Strategic and Accretive Acquisition Delivers on Growth Commitment

ST. LOUIS, April 7, 2014 /PRNewswire/ — The Laclede Group, Inc. (NYSE: LG) (“Laclede”) today announced that it has entered into an agreement with Energen Corporation (NYSE:EGN) (“Energen”) to acquire 100 percent of the equity of Alabama Gas Corporation (“Alagasco”). Alagasco, a subsidiary of Energen, is the largest natural gas utility in Alabama and serves more than 422,000 customers.

Laclede is acquiring Alagasco for total consideration of $1.6 billion with an effective purchase price of $1.34 billion, after taking into account the present value, amounting to approximately $260 million, of the tax benefits resulting from the transaction. Laclede expects the purchase to be strongly accretive to net economic earnings (NEE) per share in the first full year. The transaction is expected to close in 2014.

“Alagasco is an excellent fit for Laclede, and allows us to leverage our combined scale, industry expertise and more than 150 years of experience to drive customer and shareholder value,” said Suzanne Sitherwood, president and chief executive officer of Laclede. “Now, with Alagasco, our utility customer base increases from approximately 1.13 million to 1.55 million.”

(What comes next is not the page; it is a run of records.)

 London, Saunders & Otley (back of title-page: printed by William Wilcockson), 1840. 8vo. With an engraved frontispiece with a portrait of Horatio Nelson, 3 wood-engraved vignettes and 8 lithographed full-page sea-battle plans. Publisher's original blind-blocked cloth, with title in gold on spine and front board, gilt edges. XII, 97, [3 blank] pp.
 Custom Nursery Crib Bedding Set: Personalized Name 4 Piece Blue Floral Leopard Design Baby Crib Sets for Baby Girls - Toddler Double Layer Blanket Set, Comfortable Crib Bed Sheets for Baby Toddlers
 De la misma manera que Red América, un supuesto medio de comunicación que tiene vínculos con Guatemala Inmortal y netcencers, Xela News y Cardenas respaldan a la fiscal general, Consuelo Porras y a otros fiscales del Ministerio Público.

Sitherwood said Alagasco shares Laclede’s culture and long-standing focus on safety for its customers and employees, and on providing safe and reliable natural gas service. “We look forward to welcoming Alagasco’s customers and employees into the Laclede family, and to working with Alabama regulators, and state and local officials. Laclede will ensure that Alagasco remains an active participant in advancing Alabama’s economic development efforts and supporting civic and charitable activities,” Sitherwood added.

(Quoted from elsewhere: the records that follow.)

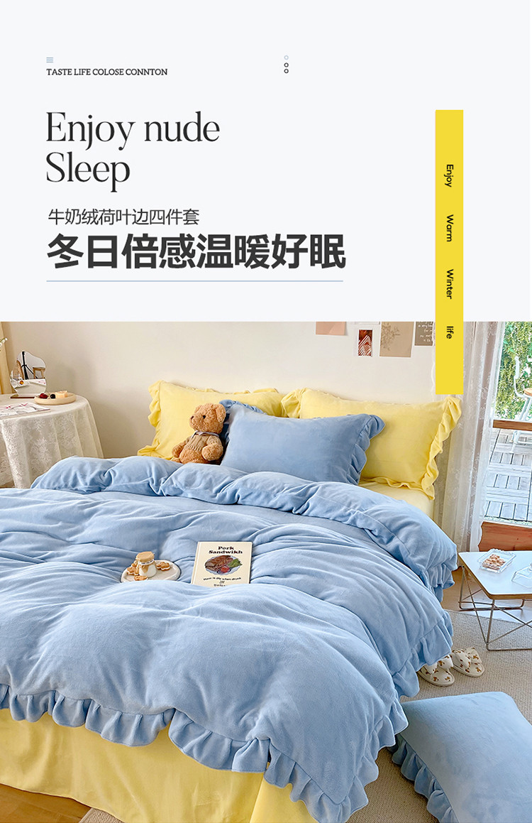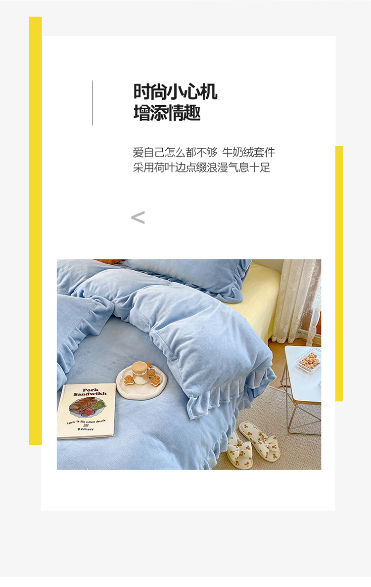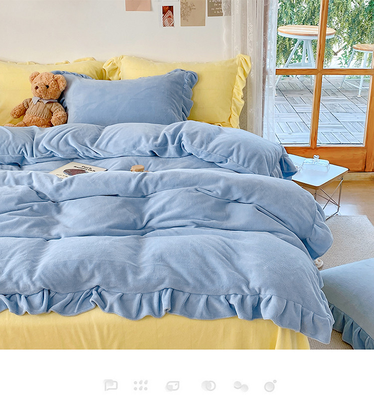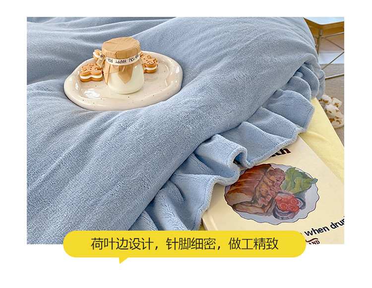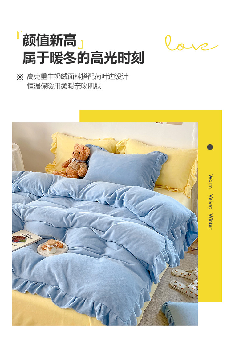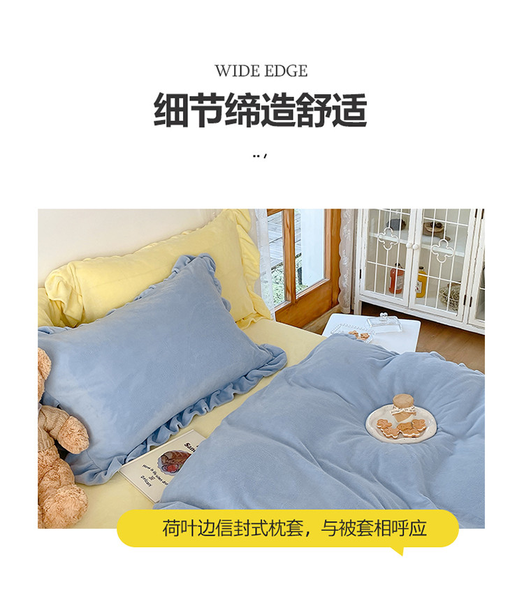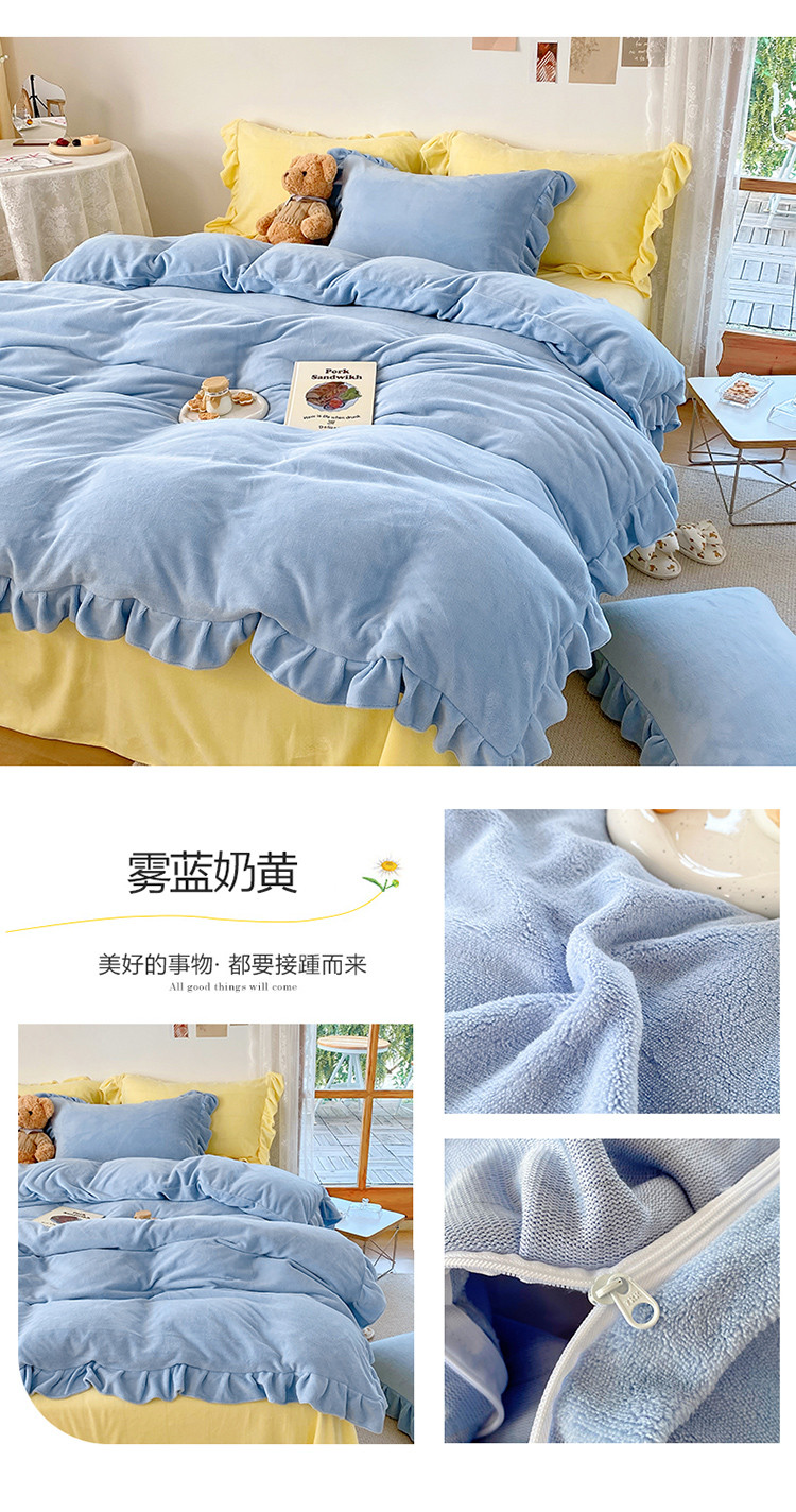当前位置: 91家纺网 > 商品网购 > 床品套件 > 四件套 > 牛奶绒四件套 > 六巷胡同 2021新款牛奶绒ins混搭花边款四件套 雾蓝奶黄
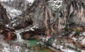 Konya’da karla kaplanan şelalenin nefes kesen görüntüsü
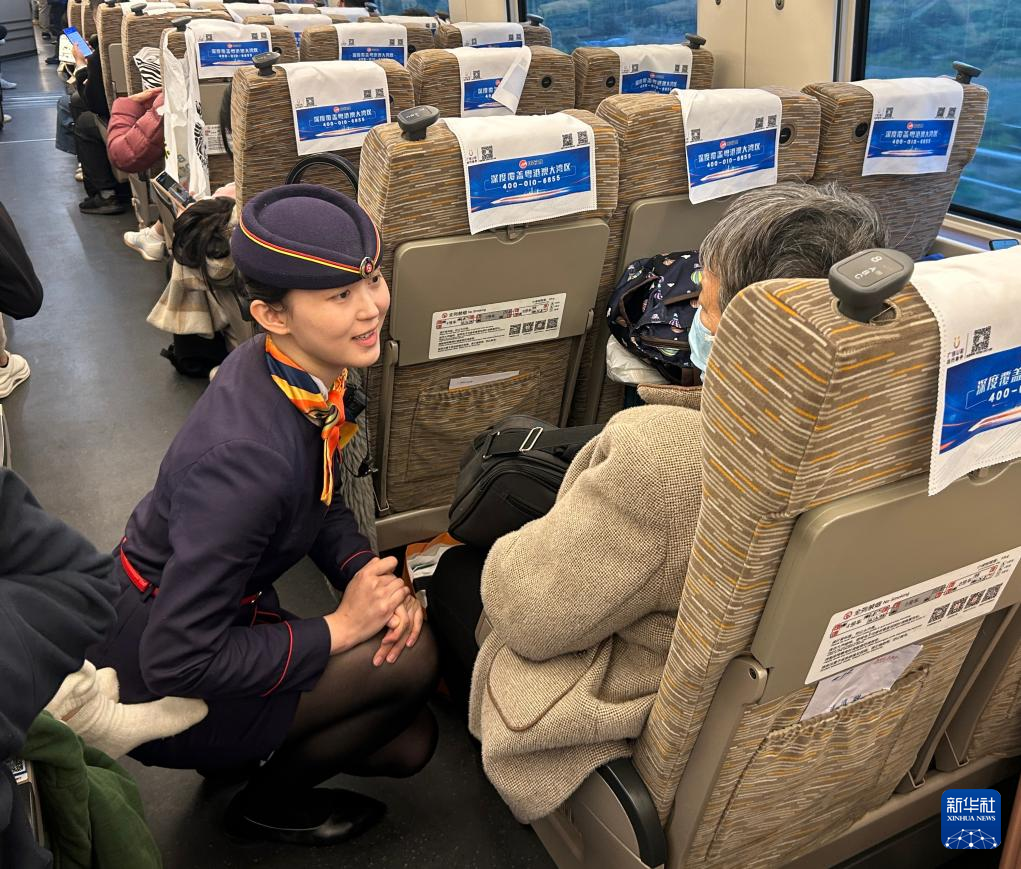 2月7日,G5131次列车列车长任丹丹在车厢内问候老人。新华社发(李格格 摄)

Compelling Strategic Rationale for Laclede

    --  Fits regulated growth strategy.  This transaction is strategic and
        accretive, delivering on Laclede's commitment to growth and long-term
        shareholder value. Alagasco is ideal in terms of size, scope and
        culture. By continuing to leverage its core competencies and regional
        expertise and by expanding its footprint beyond Missouri, Laclede builds
        on the synergies that have come about through the acquisition of
        Missouri Gas Energy and adds to the scale of its regulated business.
    --  Strongly accretive. The transaction will add meaningfully to NEE per
        share beginning in fiscal year 2015, support long-term NEE growth and
        provide incremental earnings beyond the anticipated uplift from the
        Missouri Gas Energy acquisition. Also, the acquisition generates
        significant cash flow to support investment in the business and
        shareholder returns.
    --  Supports dividend growth. Laclede recently increased its dividend for
        the 11(th) consecutive year and has paid dividends continuously since
        1946. The purchase of Alagasco supports additional dividend growth at a
        sustainable payout ratio.
    --  Provides geographic and regulatory diversity. The addition of Alagasco
        increases Laclede's business diversity and adds a progressive and highly
        rated regulatory environment.


The transaction is supported by a fully committed $1.35 billion bridge facility with Credit Suisse and Wells Fargo Bank, N.A. Purchase consideration will include assumption of $250 million of existing Alagasco long-term debt as well as assuming or replacing any short-term borrowing at closing. Laclede expects the remaining permanent financing to include the issuance of Laclede Group common stock, mandatory convertible securities and long-term debt, as well as the use of corporate cash.

Timing and Approvals

This transaction is expected to close in 2014, subject to customary closing conditions, including the expiration or termination of the applicable waiting period under the Hart-Scott-Rodino Antitrust Improvements Act and applicable state regulatory approval.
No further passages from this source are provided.